The 28/36 rule is the most widely used benchmark in mortgage lending and personal finance. If you only learn one concept in this entire guide, make it this one.
The rule states that your housing costs should not exceed 28% of your gross monthly income (the front-end ratio), and your total debt obligations — including housing — should not exceed 36% of your gross monthly income (the back-end ratio).
The front-end ratio covers your total housing payment: principal, interest, property taxes, and homeowner's insurance (known as PITI). If you make $6,000 per month gross, your max total housing payment is $6,000 × 0.28 = $1,680 per month.
The back-end ratio covers ALL of your monthly debt payments: housing, car loans, student loans, credit cards, and any other financed obligations. Using the same $6,000 gross income, your total monthly debt limit is $6,000 × 0.36 = $2,160. If you already have $480 in car and student loan payments, that leaves you $1,680 for housing — right at the front-end limit.
Let's say you earn $75,000 per year ($6,250 gross monthly). Using the 28/36 rule:
• Max housing payment (28%): $6,250 × 0.28 = $1,750/month
• Max total debt (36%): $6,250 × 0.36 = $2,250/month
• If you have $400/month in car and student loan payments: $2,250 - $400 = $1,850 left for housing (but still capped at $1,750 by the front-end ratio)
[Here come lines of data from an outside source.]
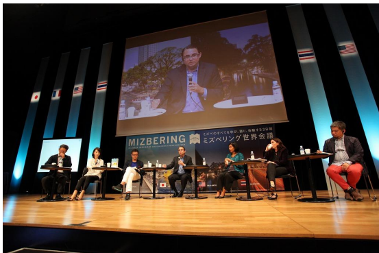
写真－5 ミズベシンポジウム（第1日目）

サンアントニオ、バンコク、パリ、そしてミズベ日本一の大阪で展開されている先進事例を通して、活動や事業を支える仕組み、民間活力の導入手法、ミズベをきっかけとした、まちの使いこなし方やマネジメント手法などを各国がプレゼンテーション。その後、パネリストとコーディネーターによる水辺を活かしたまちづくりの手法や各都市の将来展望などについてパネルディスカッションを行った。
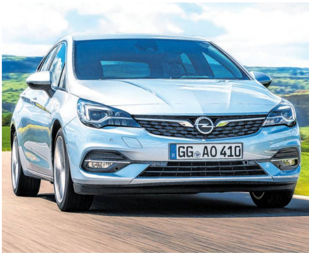
Auffällig: Die schlanke Chromspanne im Kühlergrill in Insignia-Manier.

Unter der Haube setzt Opel beim Astra ausschließlich auf Dreizylinder aus eigener Entwicklung, die noch zu GM-Zeiten begonnen hatte. Erst die kommende zwölfte Astra-Generation wird komplett auf PSA-Technik basieren. Jetzt ist für die Turbobenziner 1,2 Liter die Maßzahl für den Hubraum. Aus ihm können 110 PS für das Basismodell geholt
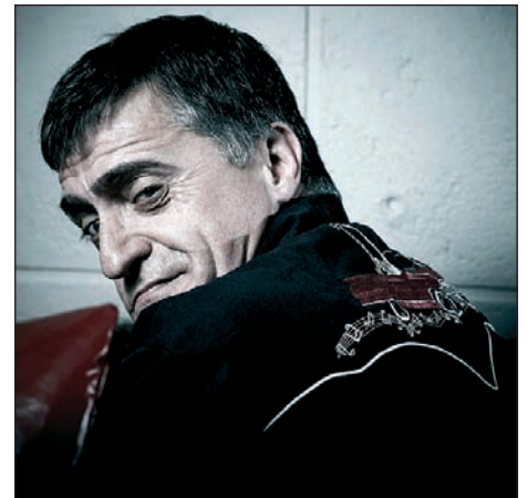
EL GRAN WYOMING
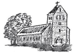
Hüven St. Bonifatius
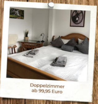
Doppelzimmer ab 99,95 Euro
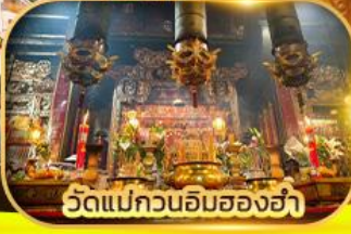
วัดแม่กวนอิมของฮ่า
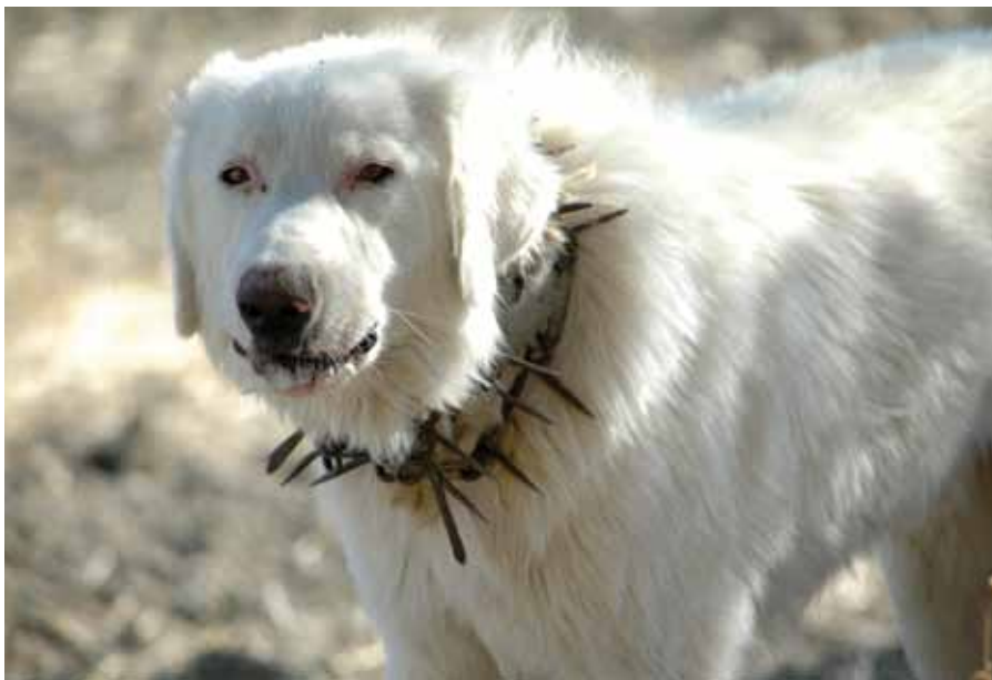
◀ Il Pastore Maremmano-abruzzese, probabilmente la più efficace forma di difesa dagli attacchi dei Lupi alle greggi ed alle mandrie, con il collare anti lupo.

predatore. Vengono da sé altri approcci che vanno dalla automatica valorizzazione della zona stessa, alla necessità di garantire una opportuna tutela all'animale, all'opportunità di considerare mezzi e strategie che tengano conto degli inevitabili impatti di questa nuova presenza con alcune delle attività produttive.
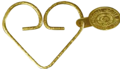
#JRB2 DEHART RINGS BRASS Size W60mm H50mm
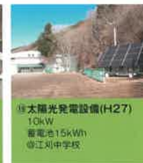
⑲ 太陽光発電設備 (H27) 10kW 蓄電池:15kWh ◎江刈中学校
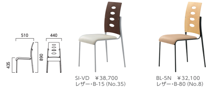
SI-VD ¥38,700 レザー-B-15 (No.35) BL-5N ¥32,100 レザー-B-80 (No.8)
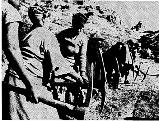
Selbsthilfe ist das Stichwort, mit dem die Welt Ernährungsorganisation (FAO) die Bevölkerung von Lesotho, in Südafrika, zur Verbesserung ihrer Lebensbedingungen bringen möchte. Weil die Männer in den Minen arbeiten, werden die Entwicklungsarbeiten hauptsächlich von Frauen geleistet. Sie schrecken selbst vor dem Strassenbau nicht zurück. Das Bild zeigt Lesotho-Frauen bei der Arbeit an der Sani-Passstrasse, die Lesotho mit Südafrika über eine Höhe von 3000 Metern verbindet.

Seit dem Ersten Weltkrieg sind internationale Frauenorganisationen wie Pilze aus dem Boden geschossen. Der ICW unterstützte die Spezialisierung und gründete selbst den Weltfrauenverband (Associated Countrywomen of the World), setzte sich aber ein für eine enge Zusammenarbeit und gemeinsame Aktionen, unter anderem für das Bürgerrecht der verheirateten
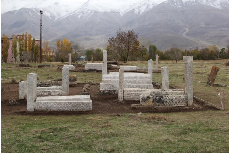
Fotoğraf No 8: Gevaş Selçuklu Mezarlığı (Gevaş Selçuklu Mezarlığı Kazı Arşivinden Alınmıştır).

Dikdörtgen bir forma sahip olan eserin baş şahidesinin uzunluğu 175 cm, genişliği 57 cm, kalınlığı ise 23 cm ölçülerindedir. Eser mezarlıktaki şahideler içerisinde orta büyüklükte olarak kabul edilebilir. Ölçü olarak genellikle düzgün bir grafik çizen şahideler, XII. yy'ın son çeyreğinden XIV. yy'ın son çeyreğine kadar boyut olarak yükselmiş ve bu yükseliş, sonrasında şahidelerin daha ince uzun bir
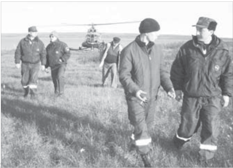
Спасатели обследовали каждый километр предполагаемого маршрута катера
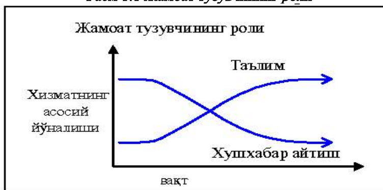
Расм 1:1 Жамоат тузувчининг роли

Хаворий Павлуснинг мактубларидан бирида, Коринфдаги жамоатни ташкил бўлиши жараёнини тасвирлаб беришини ўқиганимизда (1Кор. 3:6-10), биз жамоатлар ташкил қилиш вазифасини янада чуқурроқ ва яхшироқ тушуна бошлаймиз. Биз биламизки Павлус экди (6 оят) ва пойдевор қўйди, кейинроқ бошқа одам суғорди ва шу пойдевор устига қурди. Ҳеч ким ёлғиз ўзи жамоат ташкил қилиб, уни мустаҳкам қила олмайди — биз хизматдошлармиз (9-оят). Жамоат ташкил қилувчилар ўзгаларнинг руҳий инъомлари ва қобилиятларини ривожлантиришга ҳаракат қилишлари керак, чунки бир ўзимиз ўз вазифамизни амалга ошира олмаймиз. Биз бунинг учун керакли бўлган ҳамма инъомларга, қувватга эга эмасмиз.

• At a 7% interest rate on a 30-year mortgage, a $1,750/month payment (excluding taxes/insurance) supports roughly a $263,000 loan
It's worth noting that modern lenders often allow back-end DTI ratios up to 43% or even 50% for FHA loans in the USA. But just because a lender will approve you for more doesn't mean you should borrow more. The 28/36 rule exists to keep you financially comfortable, not just technically approved.
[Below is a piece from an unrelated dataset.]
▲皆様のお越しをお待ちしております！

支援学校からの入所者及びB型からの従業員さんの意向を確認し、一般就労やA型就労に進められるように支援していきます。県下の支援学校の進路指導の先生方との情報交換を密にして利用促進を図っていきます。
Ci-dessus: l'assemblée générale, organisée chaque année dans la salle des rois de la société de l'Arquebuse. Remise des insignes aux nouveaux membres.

The table below shows estimated affordable home price ranges at different annual salary levels, using income multipliers of 3x, 4x, and 5x. These multipliers are widely used as quick rules of thumb. The 3x multiplier is conservative (recommended if you have high debt or limited savings), 4x is moderate (assumes reasonable debt and a solid down payment), and 5x is aggressive (requires excellent credit, low debt, and stable income).
|
Annual Salary |
Conservative (3x) |
Moderate (4x) |
Aggressive (5x) |
28% Rule Monthly Budget* |
|
$30,000 |
$90,000 |
$120,000 |
$150,000 |
$700/mo |
|
$40,000 |
$120,000 |
$160,000 |
$200,000 |
$933/mo |
|
$50,000 |
$150,000 |
$200,000 |
$250,000 |
$1,167/mo |
|
$60,000 |
$180,000 |
$240,000 |
$300,000 |
$1,400/mo |
|
$70,000 |
$210,000 |
$280,000 |
$350,000 |
$1,633/mo |
|
$80,000 |
$240,000 |
$320,000 |
$400,000 |
$1,867/mo |
|
$100,000 |
$300,000 |
$400,000 |
$500,000 |
$2,333/mo |
|
$120,000 |
$360,000 |
$480,000 |
$600,000 |
$2,800/mo |
|
$135,000 |
$405,000 |
$540,000 |
$675,000 |
$3,150/mo |
|
$150,000 |
$450,000 |
$600,000 |
$750,000 |
$3,500/mo |
*Monthly budget based on 28% front-end DTI ratio applied to gross monthly income, assuming a 7% interest rate, 30-year term, 10% down payment, plus estimated taxes and insurance.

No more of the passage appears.